• _EXERCISE_: Copy the data exactly. Images are the one exception.

• _RAW DATA_:
============

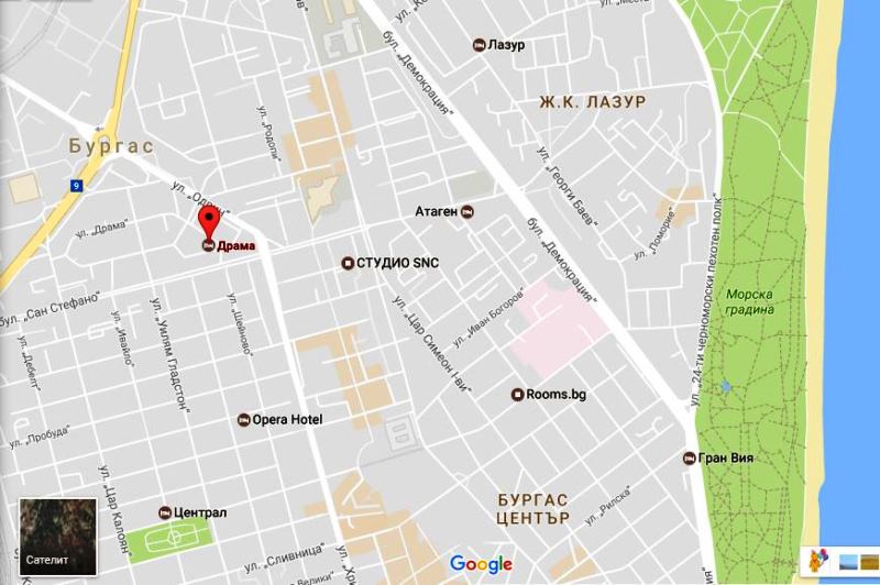 Хотел Драма се намира на тихо, спокойно и комуникативно място в централната част на гр. Бургас, на улица Драма номер 12.
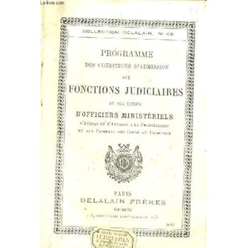 PROGRAMME DES CONDITIONS D'ADMISSION AUX FONCTIONS JUDICIAIRES ET AUX TITRES D'OFFICIERS MINISTERIELS D'AVOCAT ET D'ATTACHE A LA CHANCELLERIE ET AUX PARQUETS DES COURS ET TRIBUNAUX / COLLECTION DELALAIN N°49.. Reviewed by Eric G. Rating:
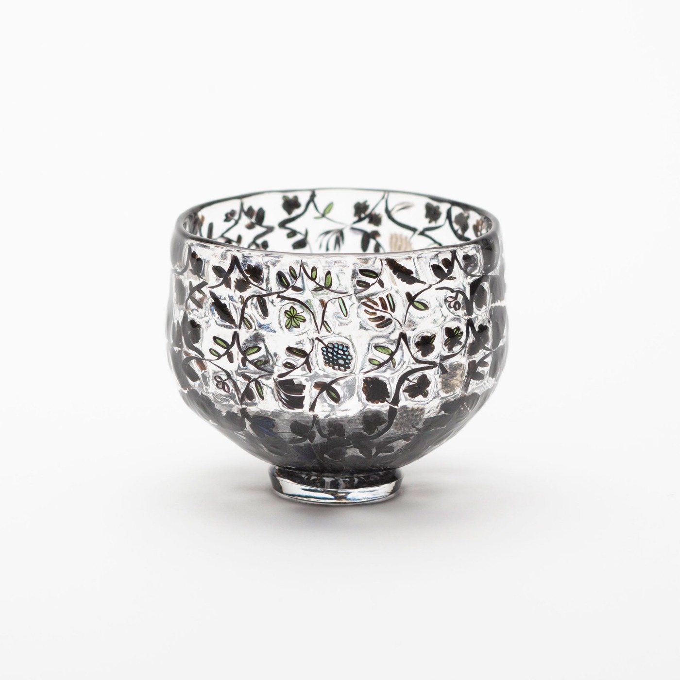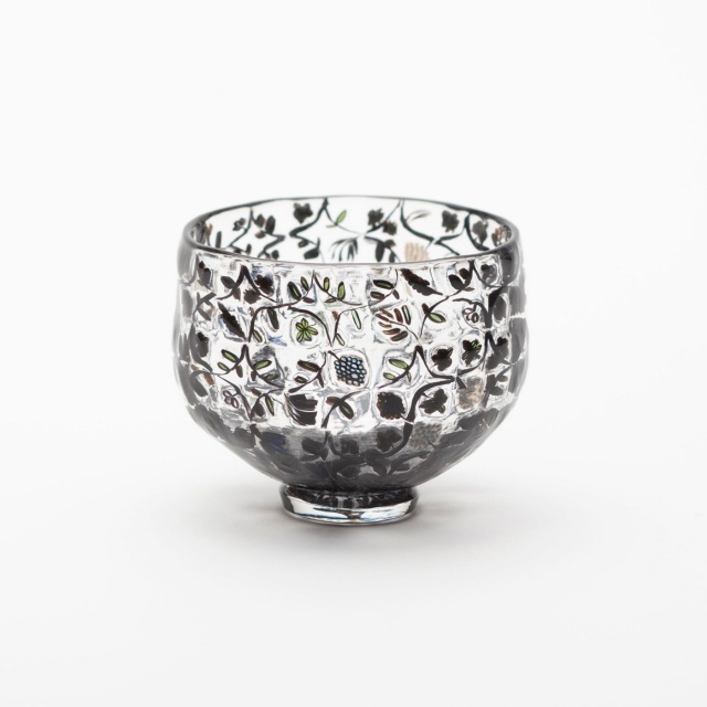「ある日の夜、犬の散歩から戻った時に窓辺に垂れ下がった蔓植物が、月光で影を落としていました。それが美しかったのでそのままモチーフにしました」と江波さん。よく見ると蔓草の影の中に、夜空のような青色の花びらも…。

============

• _YOUR SOLUTION_:
 Хотел Драма се намира на тихо, спокойно и комуникативно място в централната част на гр. Бургас, на улица Драма номер 12.
 PROGRAMME DES CONDITIONS D'ADMISSION AUX FONCTIONS JUDICIAIRES ET AUX TITRES D'OFFICIERS MINISTERIELS D'AVOCAT ET D'ATTACHE A LA CHANCELLERIE ET AUX PARQUETS DES COURS ET TRIBUNAUX / COLLECTION DELALAIN N°49.. Reviewed by Eric G. Rating:
「ある日の夜、犬の散歩から戻った時に窓辺に垂れ下がった蔓植物が、月光で影を落としていました。それが美しかったのでそのままモチーフにしました」と江波さん。よく見ると蔓草の影の中に、夜空のような青色の花びらも…。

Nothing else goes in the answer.